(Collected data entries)

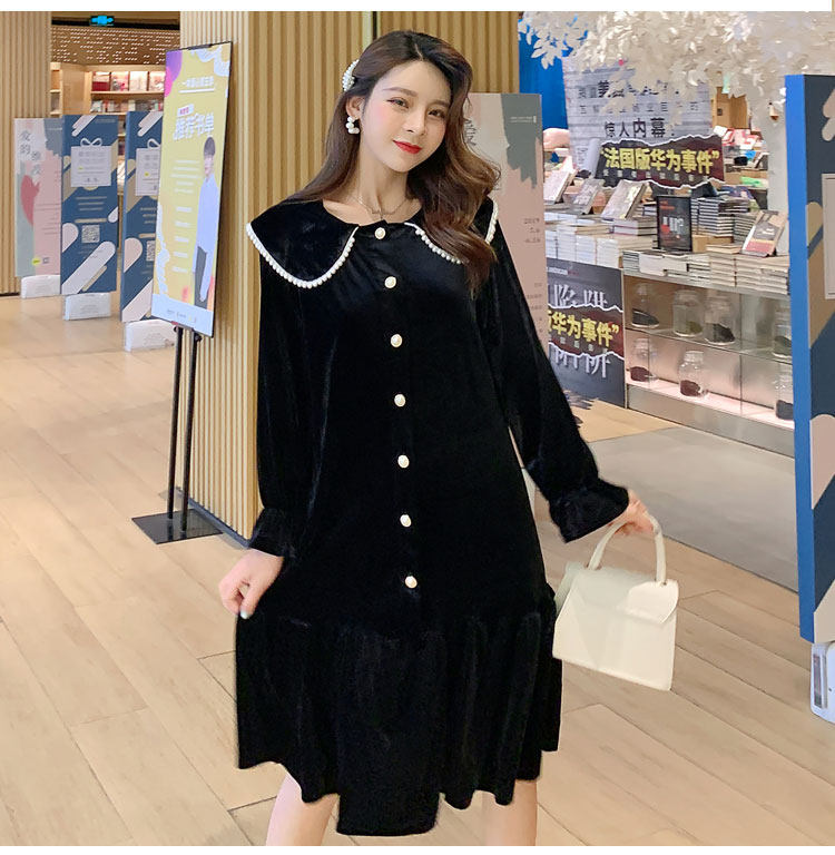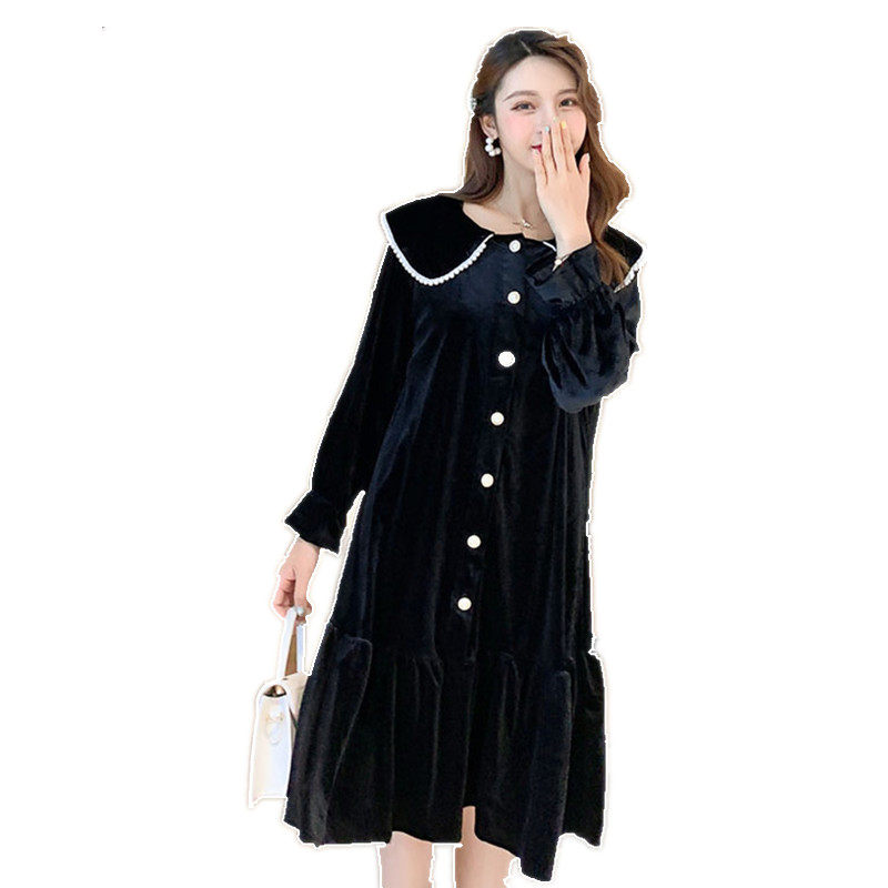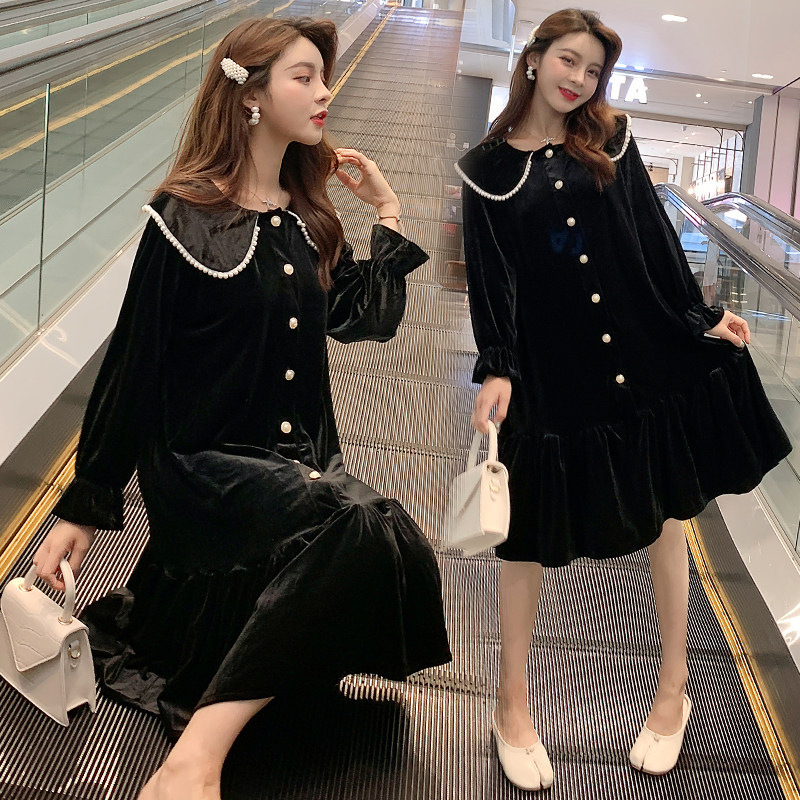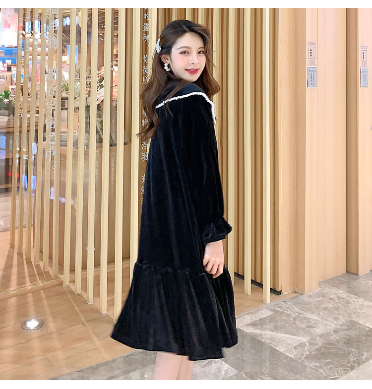 Large size pregnant women autumn Korean version of retro skirt velvet dress velvet temperament dress loose medium and long version of pregnant mother base shirt tide
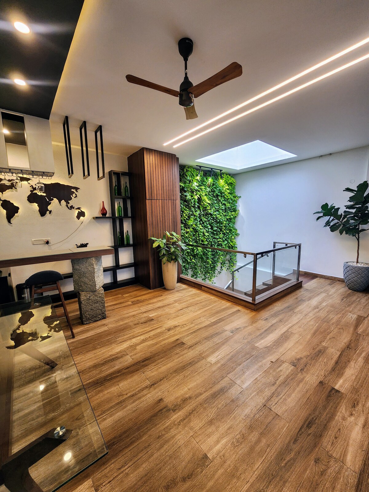 This is a luxurious & spacious penthouse situated in the center of Bangalore and it has 3 levels with plenty of private outdoor space. The greenery and the natural light coming from the skylight and huge glass windows are the highlights. The house is fully loaded with all the modern amenities required for a great stay. Daily housekeeping, 24/7 power, lift, car parking, modern kitchen, desk space for work, high-speed internet, 65 inch TVs, JBL 5.1 soundbar are some of the standard amenities.
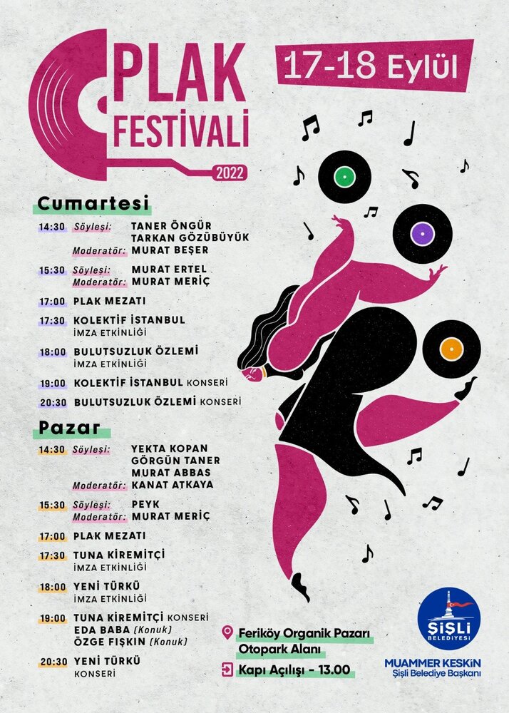 Şişli Plak Festivali ile sanat ve eğlence dolu bir hafta sonu sizi bekliyor!🎶@kolektif, @bozlemi, @kiremitciev, konukları @eda_baba ile @ozgefiskin ve @YeniTurku birbirinden güzel şarkılarını müzikseverler için söyleyecek. pic.twitter.com/4ar8BnefBN
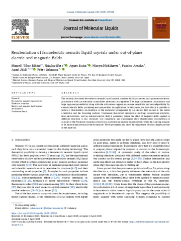 Máthé, Marcell Tibor and Éber, Nándor and Buka, Ágnes and Nishikawa, Hiroya and Araoka, Fumito and Jákli, Antal and Salamon, Péter (2025) Reorientation of ferroelectric nematic liquid crystals under out-of-plane electric and magnetic fields. JOURNAL OF MOLECULAR LIQUIDS, 428. No.-127525. ISSN 0167-7322
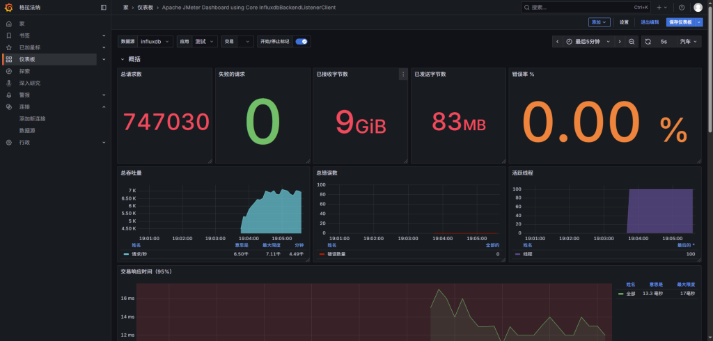 解决了资源指标的监控,还需要解决业务指标的监控,这里就会用到另一个数据源InfluxDB。在Jmeter中可以通过后端监听器选择InfluxDB将数据采集到后存放到InfluxDB,最后在grafana进行展示。InfluxDB是通过golang开发的时间序列数据库。
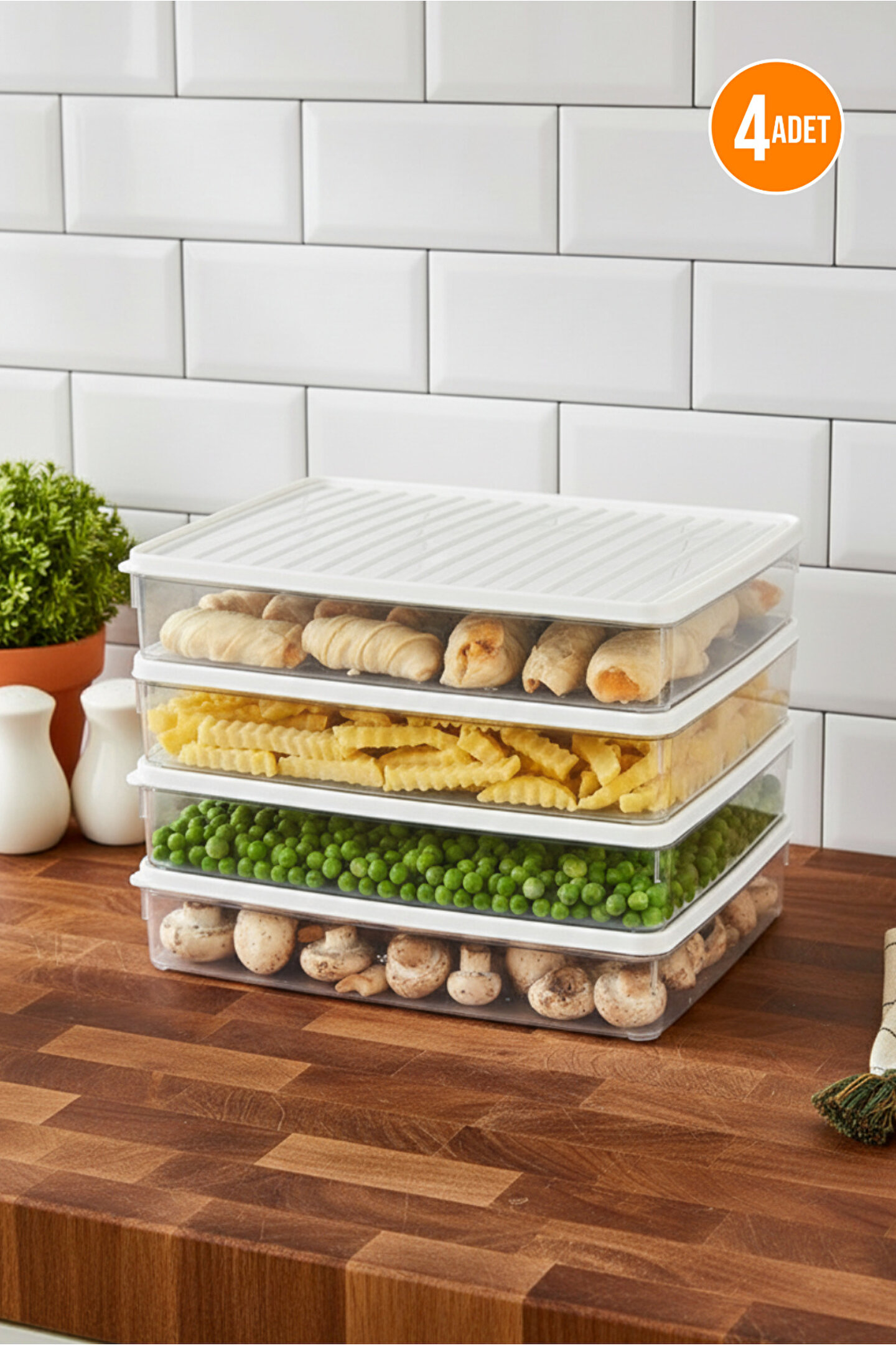 Şeffaf Gıda Saklama ve Buzdolabı Düzenleme Kutusu – 4’lü Set; Buzdolabı düzenini korumanıza ve gıdalarınızı uzun süre taze tutmanıza yardımcı olur; Şeffaf gövdesi sayesinde içindekileri kolayca görebilir, aradığınız ürünü zahmetsizce bulabilirsiniz; Hava geçirmez kapak yapısı, meyve, sebze, kahvaltılık ve yemek artıkları gibi gıdaların tazeliğini korur; İstiflenebilir tasarımı sayesinde buzdolabında maksimum alan tasarrufu sağlar; Dayanıklı, BPA içermeyen, sağlığa zararsız plastikten üretilmiştir; Kolay temizlenebilir yapısı ile hem elde hem de bulaşık makinesinde yıkanabilir; Sebze, meyve, kahvaltılık, sos, çerez veya yemek saklama amacıyla çok yönlü kullanım sunar; Modern gri kapak detayıyla mutfak estetiğine uyum sağlar; Ev, ofis, piknik veya kamp kullanımı için idealdir; Dondurucuya ve buzdolabına uygundur; Pratik, hijyenik ve düzenli bir saklama çözümü arayanlar için mükemmel bir seçenektir.; Ölçüsü 27,5x22 cm dir.;
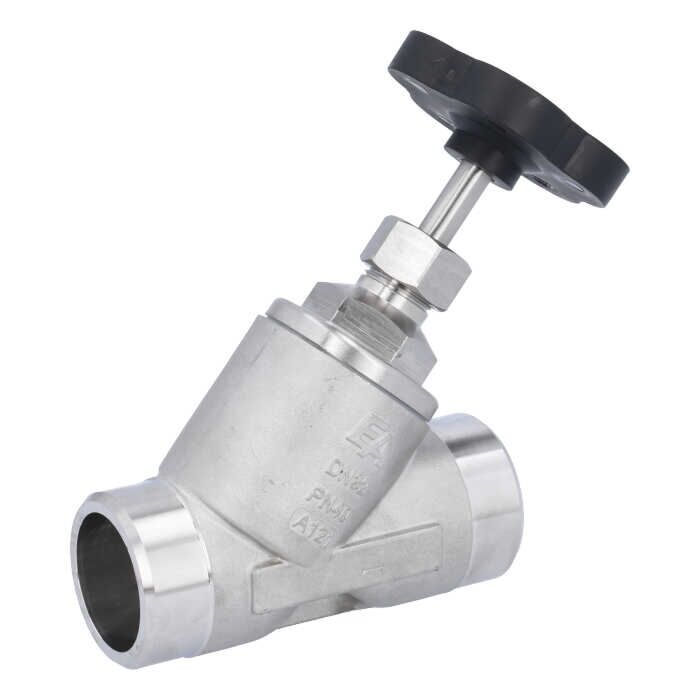 Schrägsitzventil DN32, PN40, DIN3239, Edelstahl 1.4408/PTFE
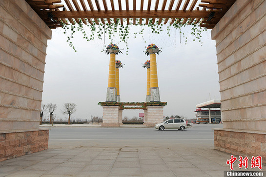 28日,針對網(wǎng)絡(luò)盛傳的西安市周至縣酷似巨型香煙的北大門景觀,記者趕赴周至縣采訪。周至縣回應(yīng)稱,縣城北大門項(xiàng)目為大周萬景商貿(mào)城建設(shè)項(xiàng)目的一部分。大周萬景商貿(mào)城建設(shè)項(xiàng)目作為2011年周至縣招商引資的城市建設(shè)項(xiàng)目,符合縣城規(guī)劃要求。近日,有關(guān)“陜西貧困縣百萬建造北大門似巨型香煙”的帖子在貼吧、論壇及微博上流傳,引發(fā)網(wǎng)絡(luò)熱議。圖為北大門“景觀”。
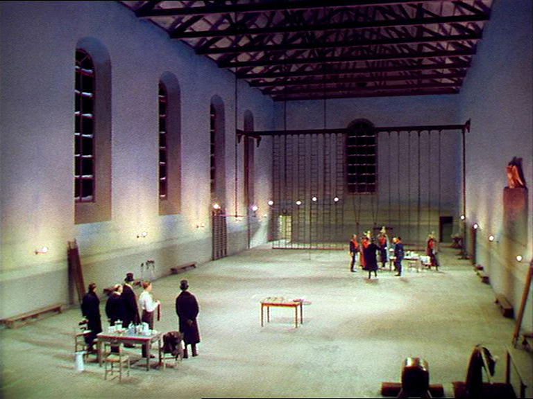 Initially, the two factions are clearly separated within the space of the hall, each looking on at each other in apprehension of what is to come. Candy comments on the choice of sabre, hoping that his is a ‘nice light one.’ His supporting officer retorts that – ‘all sabres weigh the same‘ – a remark which emphasises the significance of equality within the scene, suggesting that each combatant has a tool of equal capability, be it the ability to defend themselves, wound, or even kill their opponent. What matters isn’t the sabre itself, but the man who holds it and their approach to the task at hand. Are they able, or perhaps even capable of recognising the shared humanity present within their supposed enemy? Can they see the same fears, the same desires in the man they face?
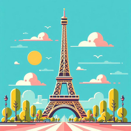 Eiffel Tower in Paris, France. Vector illustration in flat style
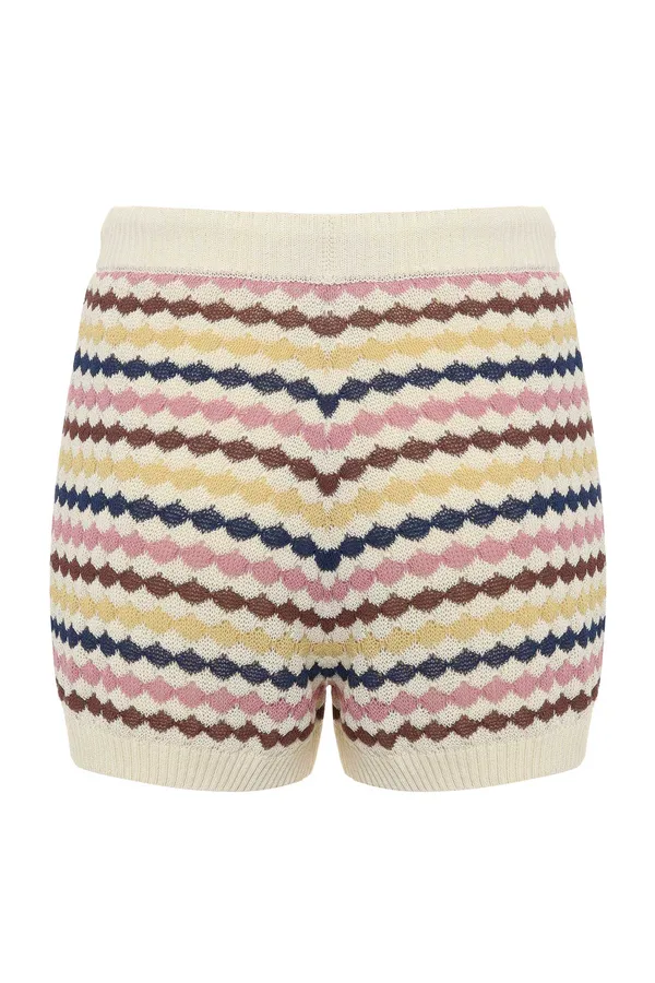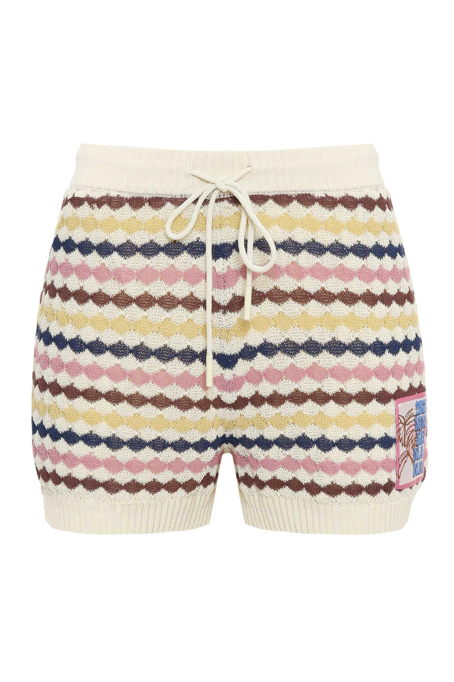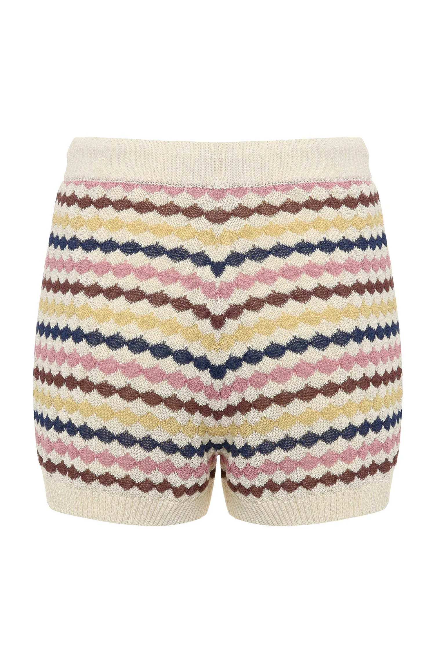 ШОРТЫ БЕЖЕВЫЕ В РАЗНОЦВЕТНУЮ ПОЛОСКУ, АЖУРНАЯ ВЯЗКА, НА КУЛИСКЕ, СБОКУ НАШИВКА-ЛОГО

## EXERCISE
Except for the pictures, give the data again word for word.

## ANSWER TO THE PROBLEM
 Large size pregnant women autumn Korean version of retro skirt velvet dress velvet temperament dress loose medium and long version of pregnant mother base shirt tide
 This is a luxurious & spacious penthouse situated in the center of Bangalore and it has 3 levels with plenty of private outdoor space. The greenery and the natural light coming from the skylight and huge glass windows are the highlights. The house is fully loaded with all the modern amenities required for a great stay. Daily housekeeping, 24/7 power, lift, car parking, modern kitchen, desk space for work, high-speed internet, 65 inch TVs, JBL 5.1 soundbar are some of the standard amenities.
 Şişli Plak Festivali ile sanat ve eğlence dolu bir hafta sonu sizi bekliyor!🎶@kolektif, @bozlemi, @kiremitciev, konukları @eda_baba ile @ozgefiskin ve @YeniTurku birbirinden güzel şarkılarını müzikseverler için söyleyecek. pic.twitter.com/4ar8BnefBN
 Máthé, Marcell Tibor and Éber, Nándor and Buka, Ágnes and Nishikawa, Hiroya and Araoka, Fumito and Jákli, Antal and Salamon, Péter (2025) Reorientation of ferroelectric nematic liquid crystals under out-of-plane electric and magnetic fields. JOURNAL OF MOLECULAR LIQUIDS, 428. No.-127525. ISSN 0167-7322
 解决了资源指标的监控,还需要解决业务指标的监控,这里就会用到另一个数据源InfluxDB。在Jmeter中可以通过后端监听器选择InfluxDB将数据采集到后存放到InfluxDB,最后在grafana进行展示。InfluxDB是通过golang开发的时间序列数据库。
 Şeffaf Gıda Saklama ve Buzdolabı Düzenleme Kutusu – 4’lü Set; Buzdolabı düzenini korumanıza ve gıdalarınızı uzun süre taze tutmanıza yardımcı olur; Şeffaf gövdesi sayesinde içindekileri kolayca görebilir, aradığınız ürünü zahmetsizce bulabilirsiniz; Hava geçirmez kapak yapısı, meyve, sebze, kahvaltılık ve yemek artıkları gibi gıdaların tazeliğini korur; İstiflenebilir tasarımı sayesinde buzdolabında maksimum alan tasarrufu sağlar; Dayanıklı, BPA içermeyen, sağlığa zararsız plastikten üretilmiştir; Kolay temizlenebilir yapısı ile hem elde hem de bulaşık makinesinde yıkanabilir; Sebze, meyve, kahvaltılık, sos, çerez veya yemek saklama amacıyla çok yönlü kullanım sunar; Modern gri kapak detayıyla mutfak estetiğine uyum sağlar; Ev, ofis, piknik veya kamp kullanımı için idealdir; Dondurucuya ve buzdolabına uygundur; Pratik, hijyenik ve düzenli bir saklama çözümü arayanlar için mükemmel bir seçenektir.; Ölçüsü 27,5x22 cm dir.;
 Schrägsitzventil DN32, PN40, DIN3239, Edelstahl 1.4408/PTFE
 28日,針對網(wǎng)絡(luò)盛傳的西安市周至縣酷似巨型香煙的北大門景觀,記者趕赴周至縣采訪。周至縣回應(yīng)稱,縣城北大門項(xiàng)目為大周萬景商貿(mào)城建設(shè)項(xiàng)目的一部分。大周萬景商貿(mào)城建設(shè)項(xiàng)目作為2011年周至縣招商引資的城市建設(shè)項(xiàng)目,符合縣城規(guī)劃要求。近日,有關(guān)“陜西貧困縣百萬建造北大門似巨型香煙”的帖子在貼吧、論壇及微博上流傳,引發(fā)網(wǎng)絡(luò)熱議。圖為北大門“景觀”。
 Initially, the two factions are clearly separated within the space of the hall, each looking on at each other in apprehension of what is to come. Candy comments on the choice of sabre, hoping that his is a ‘nice light one.’ His supporting officer retorts that – ‘all sabres weigh the same‘ – a remark which emphasises the significance of equality within the scene, suggesting that each combatant has a tool of equal capability, be it the ability to defend themselves, wound, or even kill their opponent. What matters isn’t the sabre itself, but the man who holds it and their approach to the task at hand. Are they able, or perhaps even capable of recognising the shared humanity present within their supposed enemy? Can they see the same fears, the same desires in the man they face?
 Eiffel Tower in Paris, France. Vector illustration in flat style
 ШОРТЫ БЕЖЕВЫЕ В РАЗНОЦВЕТНУЮ ПОЛОСКУ, АЖУРНАЯ ВЯЗКА, НА КУЛИСКЕ, СБОКУ НАШИВКА-ЛОГО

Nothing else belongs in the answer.